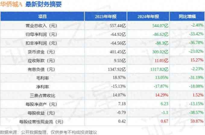 华侨城A(000069)2024年年报简析:净利润减33.42%
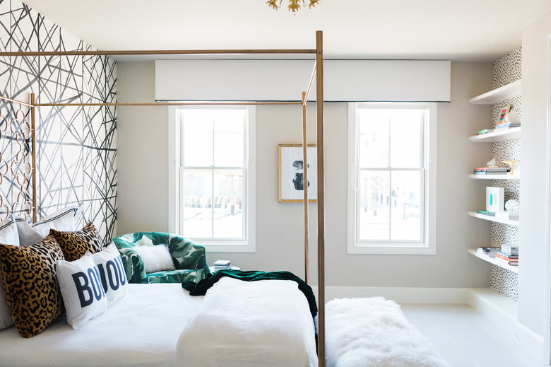 Forget your grandmother's dusty floral valance. The traditional addition can actually be quite contemporary — just look at the one in this bedroom by Studio Ten 25. The white design with black trim both complements the lively, patterned wallpaper while exaggerating the ceiling height and adding a classy cover to the simple shades below.
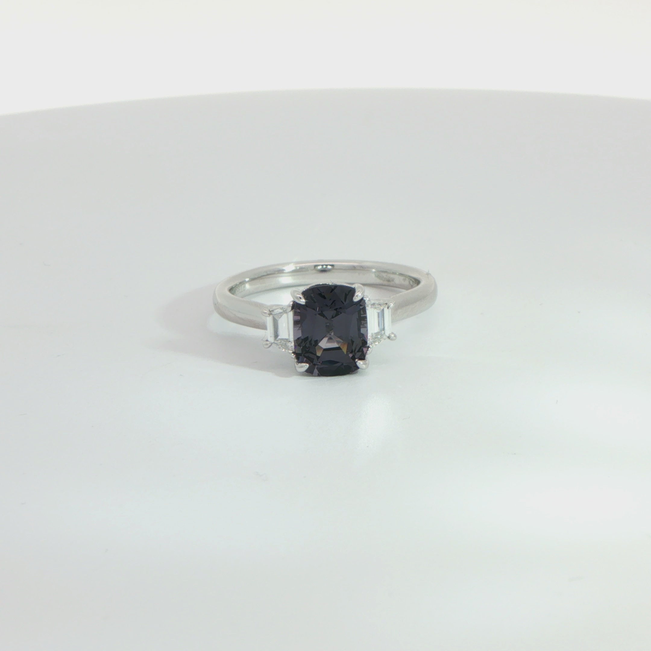 Platinum Spinel and Diamond Three Stone Ring
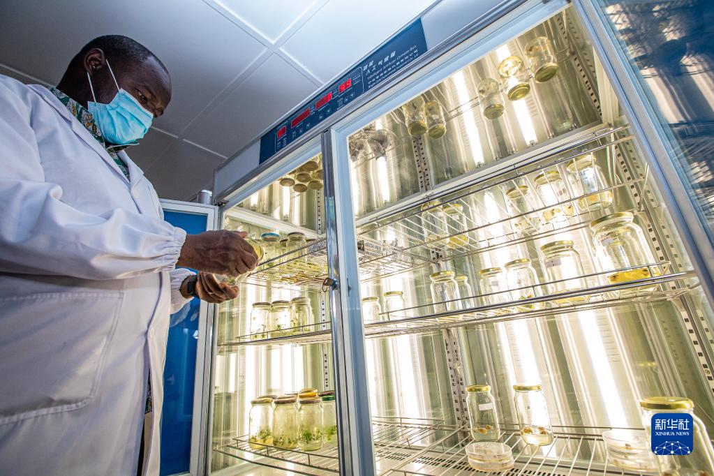 6月25日,在肯尼亚纳库鲁郡的埃格顿大学孔子学院,肯尼亚农业专家、中肯作物分子生物学联合实验室主任理查德·穆卢瓦在实验室内检查培养的样本。
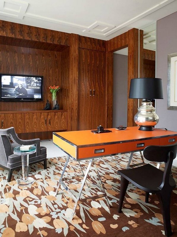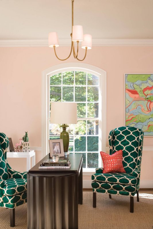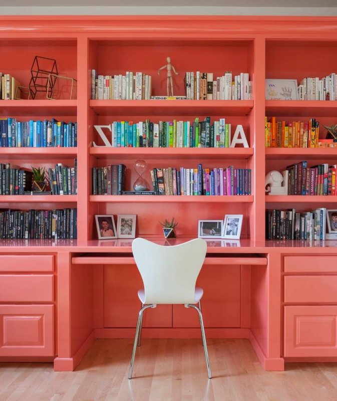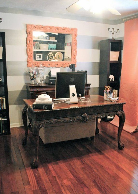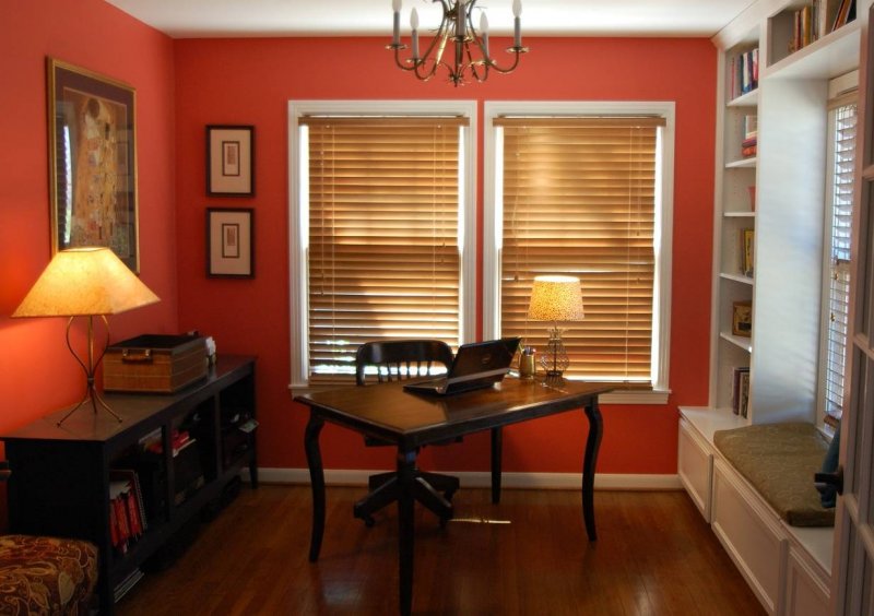 Персиковый приятный для глаз, он способствует продуктивности и улучшает рабочую атмосферу. Классический современный кабинет персикового цвета – это светло-персиковые стены, более насыщенные шторы или жалюзи в сочетании с белым потолком и светло-коричневым полом.
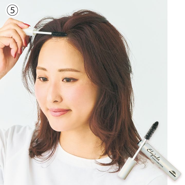 ⑤根元の立ち上がりをキープするにはスタイリング剤選びと量に気をつけて。ピンポイントに塗布できるマスカラタイプが正解です。
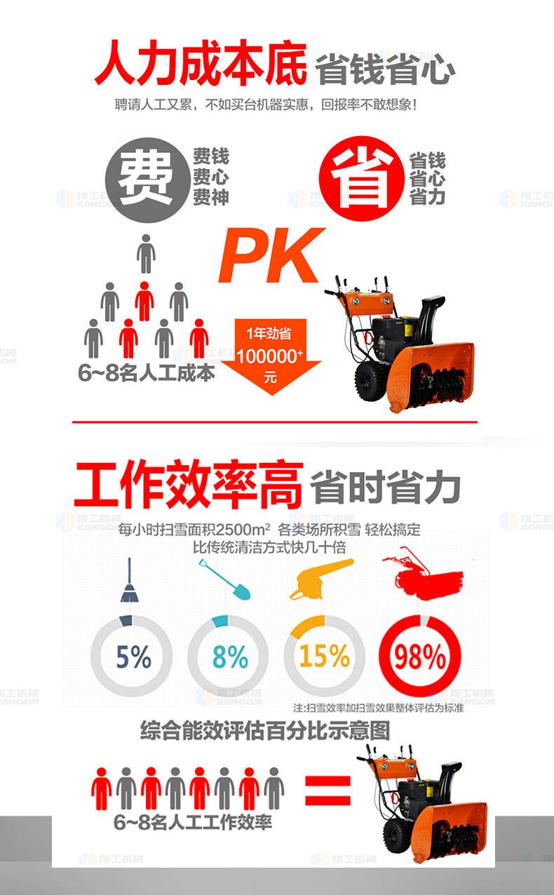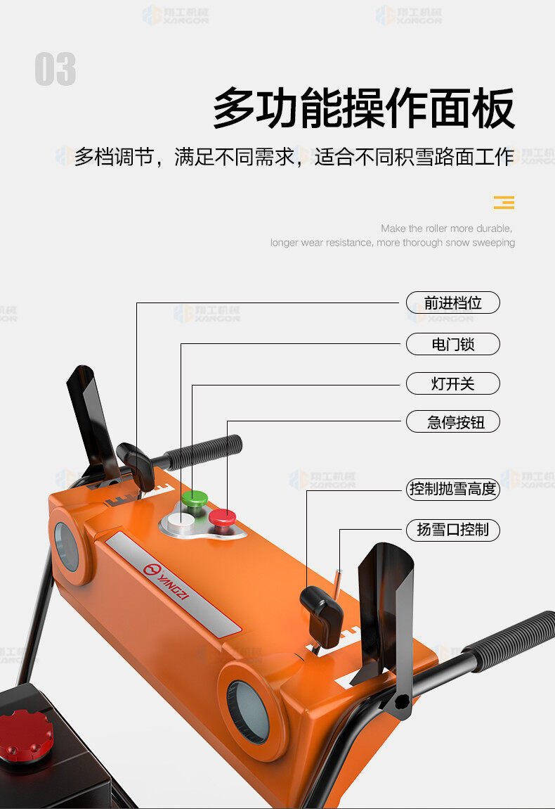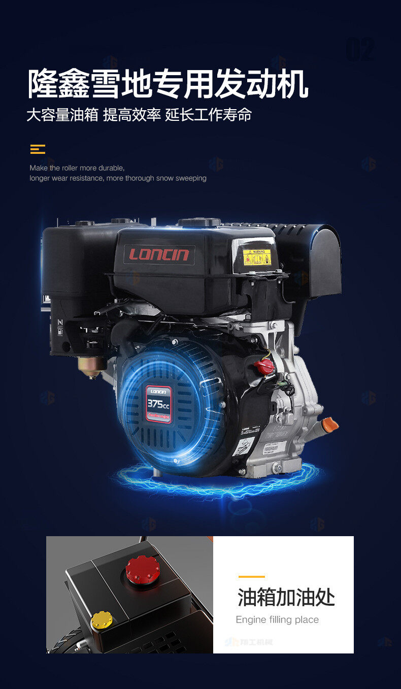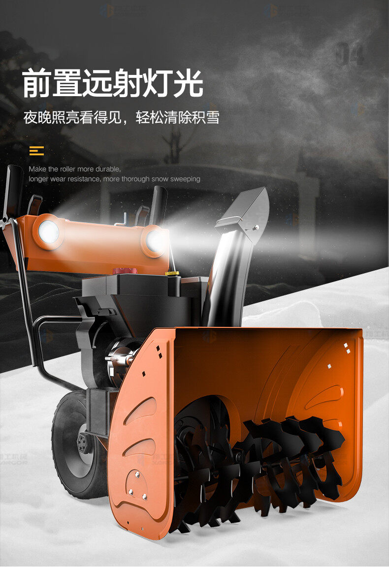 小型掃雪車由中型卡車或重型卡車、四缸汽車發動機、吸雪管、鼓風機、
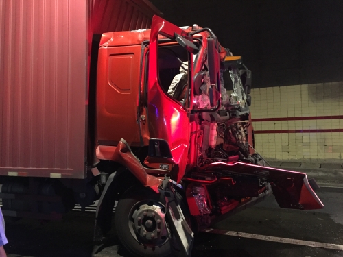 圖為事故車輛 接警后,執(zhí)勤隊員立即奔赴現場,做好車輛預警工作?,F場兩輛廂式貨車停在慢車道上,后貨車的副駕駛室被擠壓得嚴重變形,幸好副駕駛位置無人,否則后果不堪設想。受傷的司機坐在電纜溝上,右手臂一直流血,意識清醒。見司機受傷,隊長通知中控員撥打救護車。前車已經停在電纜溝上,但是車輛不能移動,隊員們向司機詢問之后才了解,前車漏機油,兩車都需要拖車。隊員們一邊在隧道內疏通交通一邊在等候救護車和拖車,16:26分,救護車到達現場將受傷司機帶走,17:50分,拖車將兩輛事故貨車拖離,現場恢復通車。該起事故造成隧道內車輛緩行兩個小時,期間封道十多分鐘,事故原因是前車有故障緩慢行駛,因無任何警示標志,后車沒有注意而造成追尾。 在此提醒各位司機朋友,由于隧道內外亮度不同,進入隧道請?zhí)崆伴_燈減速慢行,在行車過程中要注意前面路況,發(fā)現有問題及時減速慢行,并保持安全車距。如遇突發(fā)狀況,車子無法正常行駛時,為了自已和他人的安全,請及時報警并做好相應警示標志,防止二次事故的發(fā)生。 陳旦平

[Task description]: Retype the records above exactly, leaving every picture out of your copy.

[Response]:
 华侨城A(000069)2024年年报简析:净利润减33.42%
 Forget your grandmother's dusty floral valance. The traditional addition can actually be quite contemporary — just look at the one in this bedroom by Studio Ten 25. The white design with black trim both complements the lively, patterned wallpaper while exaggerating the ceiling height and adding a classy cover to the simple shades below.
 Platinum Spinel and Diamond Three Stone Ring
 6月25日,在肯尼亚纳库鲁郡的埃格顿大学孔子学院,肯尼亚农业专家、中肯作物分子生物学联合实验室主任理查德·穆卢瓦在实验室内检查培养的样本。
 Персиковый приятный для глаз, он способствует продуктивности и улучшает рабочую атмосферу. Классический современный кабинет персикового цвета – это светло-персиковые стены, более насыщенные шторы или жалюзи в сочетании с белым потолком и светло-коричневым полом.
 ⑤根元の立ち上がりをキープするにはスタイリング剤選びと量に気をつけて。ピンポイントに塗布できるマスカラタイプが正解です。
 小型掃雪車由中型卡車或重型卡車、四缸汽車發動機、吸雪管、鼓風機、
 圖為事故車輛 接警后,執(zhí)勤隊員立即奔赴現場,做好車輛預警工作?,F場兩輛廂式貨車停在慢車道上,后貨車的副駕駛室被擠壓得嚴重變形,幸好副駕駛位置無人,否則后果不堪設想。受傷的司機坐在電纜溝上,右手臂一直流血,意識清醒。見司機受傷,隊長通知中控員撥打救護車。前車已經停在電纜溝上,但是車輛不能移動,隊員們向司機詢問之后才了解,前車漏機油,兩車都需要拖車。隊員們一邊在隧道內疏通交通一邊在等候救護車和拖車,16:26分,救護車到達現場將受傷司機帶走,17:50分,拖車將兩輛事故貨車拖離,現場恢復通車。該起事故造成隧道內車輛緩行兩個小時,期間封道十多分鐘,事故原因是前車有故障緩慢行駛,因無任何警示標志,后車沒有注意而造成追尾。 在此提醒各位司機朋友,由于隧道內外亮度不同,進入隧道請?zhí)崆伴_燈減速慢行,在行車過程中要注意前面路況,發(fā)現有問題及時減速慢行,并保持安全車距。如遇突發(fā)狀況,車子無法正常行駛時,為了自已和他人的安全,請及時報警并做好相應警示標志,防止二次事故的發(fā)生。 陳旦平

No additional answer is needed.